This Friday, the governor Gavin Newsom granted a posthumous pardon to Laura Miner, a courageous reproductive health care provider in California from 1934 to 1948 who dedicated her career to providing safe and accessible elective abortions at a time when punitive restrictions forced women to seek unregulated and often medically risky abortions.
Miner was respected in the medical community as a highly skilled practitioner and cared for patients in need.
In 1949, Miner was convicted and sentenced to four years in prison on felony charges of abortion and conspiracy to commit abortions.
“In California, we will never return to a time when women were forced to seek basic medical care in back rooms and underground clinics,” Newsom said.
“Laura Miner’s story is a powerful reminder of the generations of people who fought for reproductive freedom in this country and the risks so many Americans now face in a post-Roe world. Miner paid a price for taking a stand, and today we are taking a step to right this injustice and reaffirm California’s commitment to uphold the hard-won progress made by countless advocates and health care providers over decades,” she stressed.
For her part, the governor's wife, Jennifer Siebel Newsom, pointed out that this pardon is a reaffirmation of California's commitment to defend reproductive rights and protect those who seek or provide abortion services.
“As a woman and a mother, I am so grateful for Laura Miner’s courage and dedication to providing women with safe reproductive care in the face of tremendous personal risk. Now, more than 70 years after Ms. Miner was wrongfully convicted, we must channel her strength and determination as we fight to protect and ensure in the U.S. a woman’s basic right to make decisions about her own body and her future,” she said.

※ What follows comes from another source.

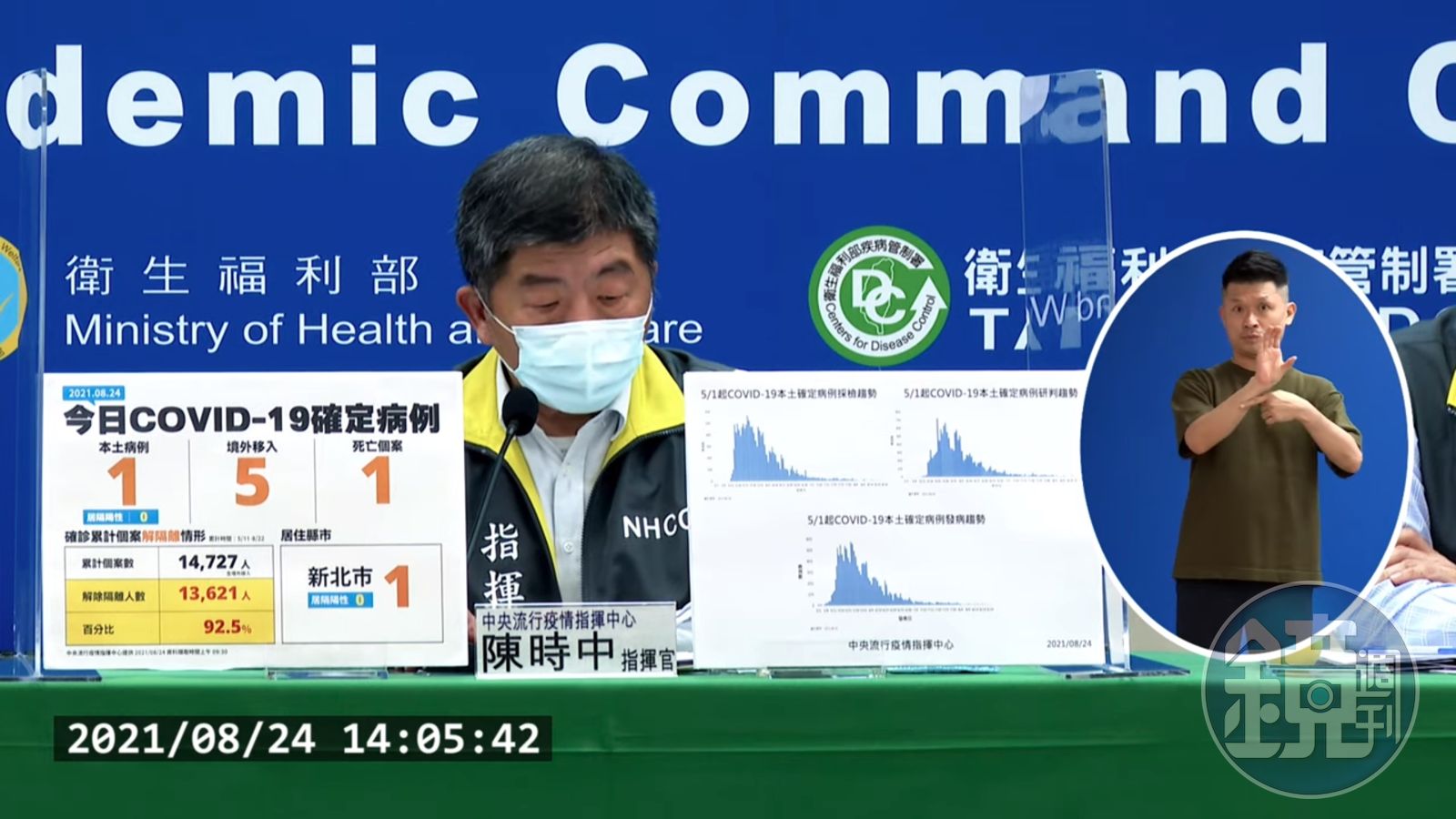指揮中心指出,近期確診個案解隔離情形,5月11日至8月22日累計公布14,727位確診個案中,已有13,621人解除隔離,解隔離人數達確診人數92.5%。

For Senate President Pro Tempore Toni G. Atkins, “Laura Miner was a hero ahead of her time who willingly gave up her own freedom to save countless women, women who risked everything to make their own health care decisions and, in a very basic sense, choose their own futures.”
In that regard, she stressed that “Laura’s bravery deserved to be praised, not prosecuted, and I am grateful that we have evolved enough to be able to forgive her today. Laura’s story of subversive care eerily foreshadows what we may see when courts and legislatures across the country roll back our reproductive rights. We remember her and the generations of women who had no choice but to seek care in the shadows, as we continue the work to ensure that California is a beacon of reproductive justice and access for all.”
Notably, following the overturning of Roe v. Wade, Governor Newsom and the Legislature took steps to advance reproductive freedom with new measures to further protect patients and providers from legal retaliation, assist women in other states seeking abortion services, and expand reproductive health care access and affordability.
In turn, legislative measures have been signed to ensure that pregnancy loss is not criminalized, safeguard the privacy of medical records, and prohibit law enforcement and corporations from cooperating with entities from other states regarding legal abortions in California, among many other actions.